Auto Routing

One router for complexity, semantic, and adaptive routing. Classify each request with heuristics, an LLM classifier, or lexical/semantic keyword rules, then route to a pinned model, a random pool, or a Thompson-sampled pool per tier.

Availability

Ships in v1.94.x. The earliest dev release cuts Tuesday, 2026-07-14. Suggestions and feedback: discussion #32168.

When to use

Feature	Semantic Auto Router (deprecated)	Auto Routing (this page)
Classifier	Embedding match on utterances	Heuristic, LLM classifier, or lexical/semantic keyword rules
Tier value	One model	One model, random pool, or adaptive (Thompson-sampled) pool
Latency	~100-500ms (embedding call)	Sub-millisecond (heuristic/keyword) or one small classifier call (LLM)
Session pin	No	Opt-in `session_affinity`, keyed by `session_id` from request metadata
Log	No routing-cause signal	`cause=` marker per decision (scorer, literal, semantic, session_pin, LLM)
Best for	Intent-based routing	Cost/quality tiering, hybrid rule + classifier setups, prompt-cache pinning

The semantic auto router is deprecated but still works for existing configs.

Quick start (Proxy)

model_list:
  - model_name: gpt-4o-mini
    litellm_params: {model: openai/gpt-4o-mini, api_key: os.environ/OPENAI_API_KEY}
  - model_name: gpt-4o
    litellm_params: {model: openai/gpt-4o, api_key: os.environ/OPENAI_API_KEY}
  - model_name: claude-sonnet-5
    litellm_params: {model: anthropic/claude-sonnet-5, api_key: os.environ/ANTHROPIC_API_KEY}
  - model_name: gpt-5.5
    litellm_params: {model: openai/gpt-5.5, api_key: os.environ/OPENAI_API_KEY}

  - model_name: smart-router
    litellm_params:
      model: auto_router/complexity_router
      complexity_router_config:
        tiers:
          SIMPLE:    gpt-4o-mini
          MEDIUM:    gpt-4o
          COMPLEX:   claude-sonnet-5
          REASONING: gpt-5.5
      complexity_router_default_model: gpt-4o

Call it like any other model:

curl -X POST http://localhost:4000/v1/chat/completions \
  -H "Authorization: Bearer $LITELLM_API_KEY" \
  -d '{"model": "smart-router", "messages": [{"role": "user", "content": "What is 2+2?"}]}'

Full config

Every knob v2 exposes. All fields on complexity_router_config are optional except tiers.

- model_name: smart-router
  litellm_params:
    model: auto_router/complexity_router
    drop_params: true
    complexity_router_config:
      tiers:
        SIMPLE:    ["gpt-4o-mini", "claude-haiku-4-5"]   # random-pick pool
        MEDIUM:    gpt-4o                                 # single pin
        COMPLEX:   claude-sonnet-5
        REASONING: gpt-5.5

      # LLM classifier instead of the heuristic scorer
      classifier_type: llm
      classifier_llm_config:
        model: claude-haiku-4-5-20251001
        timeout_ms: 2000

      # Keyword rules, run before the scorer, escalate to the highest matched tier
      keyword_tier_rules:
        - keywords: ["hi", "hello", "thanks"]
          tier: SIMPLE
        - keywords: ["kubernetes", "k8s", "istio"]
          tier: REASONING
      semantic_keyword_matching: true
      embedding_model: voyage-3-5
      match_threshold: 0.5

      # Append to the built-in technical keyword list
      custom_technical_keywords: [kafka, redis, postgresql, udp, dns]
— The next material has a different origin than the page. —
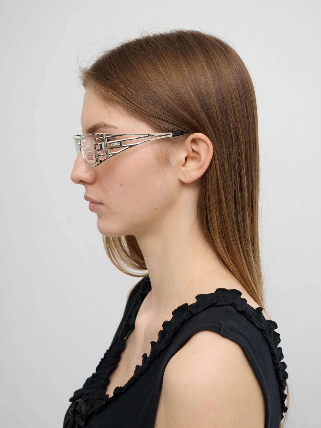 Gianfranco Ferre rectangular glasses encased in a silver-tone metal “cutout” frame. Logo on the temples.

      # Thompson-sample within the tier's pool
      adaptive: true

      # Pin a session to its first-turn model to preserve prompt cache
      session_affinity: true
      session_affinity_ttl_seconds: 3600

      # Tune heuristic scorer boundaries and weights (all optional)
      tier_boundaries:
        simple_medium:     0.15
        medium_complex:    0.35
        complex_reasoning: 0.60
      token_thresholds:
        simple:  15
        complex: 400
      dimension_weights:
        tokenCount:        0.10
        codePresence:      0.30
        reasoningMarkers:  0.25
        technicalTerms:    0.25
        simpleIndicators:  0.05
        multiStepPatterns: 0.03
        questionComplexity: 0.02

    complexity_router_default_model: claude-sonnet-5

Classification

Three ways to pick a tier. Pick one; the router falls back to the heuristic scorer if the LLM classifier errors or if no keyword rule matches.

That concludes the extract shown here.